Il VAR gestisce e domina la partita di Parma con 3 rigori (2 dubbi) che danno respiro e 3 punti alla Fiorentina con un ottimo Venuti e un sempre pimpante Ribery, e gettano nel veleno della polemica un Parma un po’ sottotono e con forse troppi giocatori sovra utilizzati in queste giornate. Mister Ranieri la sfanga (ormai mi viene sempre questa parola…) e chiude la porta delle possibilità alla SPAL con un 3 a 0 che la Samp vive come una manna (e vista la doppietta di un Karol polacco – Linetty – ci può pure stare come parola), mentre l’altra sponda genovese recupera di nuovo 2 goal in trasferta, stavolta a Udine, ma di nuovo su rigore, di nuovo Pinamonti, stavolta all’ultimo secondo… punto… Prezioso.

Ciò che resta della Roma ammirata in diversi momenti della stagione si schianta contro il solido Napoli di Gattuso, che ha, a differenza dei giallorossi, le idee chiare su ciò che fare in campo.

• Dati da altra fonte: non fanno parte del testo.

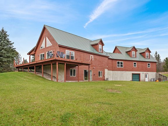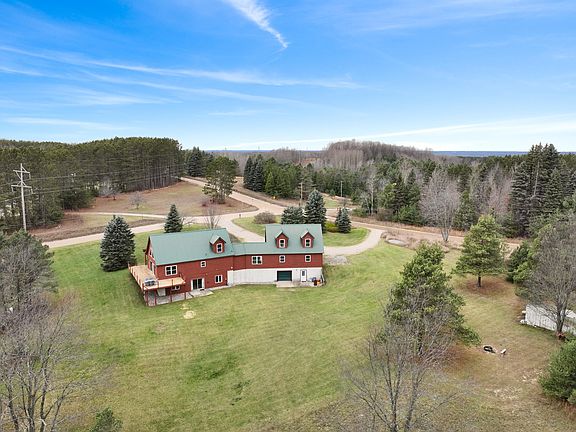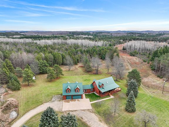 Nestled on 40 picturesque acres, this stunning two-story home offers breathtaking views of a lush forest landscape and expansive outdoor living spaces. Located just minutes from downtown Manton and Cadillac, this property provides the perfect blend of convenient access to town with the tranquility of the countryside. A spacious, wrap-around porch leads to a balcony that overlooks the property, setting a serene stage even before stepping inside.

La Roma, che non gioca neanche la peggior partita di questo periodo, va sotto per il solito goal con “taglio Callejon” (e non mi riferisco ai baffi e ai capelli gomorriani dello spagnolo), pareggia con Mkhitaryan (bella la transizione che porta al tiro dell’armeno) e subisce la delpierata di Insigne, che la mette sotto il sette da sinistra a giro. Il Napoli ha vinto con merito contro una Roma che neanche ha giocato male, un discorso che si fa di solito con le squadre mediocri.

Chiudiamo questa trentesima giornata con l’ottava vittoria consecutiva dell’Atalanta che vince con difficoltà  a Cagliari con un rigore di Muriel, dopo essere andata sotto grazie a una grande giocata di Simeone (che crescita….), vistosi però annullare dall’inquisitorio VAR la sua prodezza. Fallo di mano dicono… fatto sta che Luis il colombiano con i movimenti e le fattezze più simili a Ronaldo il Fenomeno (non me ne vogliano i puristi, è ovviamente una somiglianza che avete pensato tutti pur su livelli infinitamente diversi) trasforma un rigore, prende un palo, semina scompiglio e così, la banda di Gasperini arriva a -1 dal terzo e -5 dal secondo posto. 100 gol fatti in stagione e tanta corsa e qualità da togliere il fiato a chi osserva e agli avversari.

Per questa giornata lasciamo che sia tutta una nazione a lanciare la fionda; il Gambia con i suoi 2 attaccanti oggi rossoblu che fanno faville su un prato verde. Se ci perdete un attimo di tempo, la bandiera della loro nazione ha proprio questi 3 colori. Bravissimi loro, speranza sportiva per nazioni che nelle fortune dei loro atleti ripongono sogni e esistenze intere.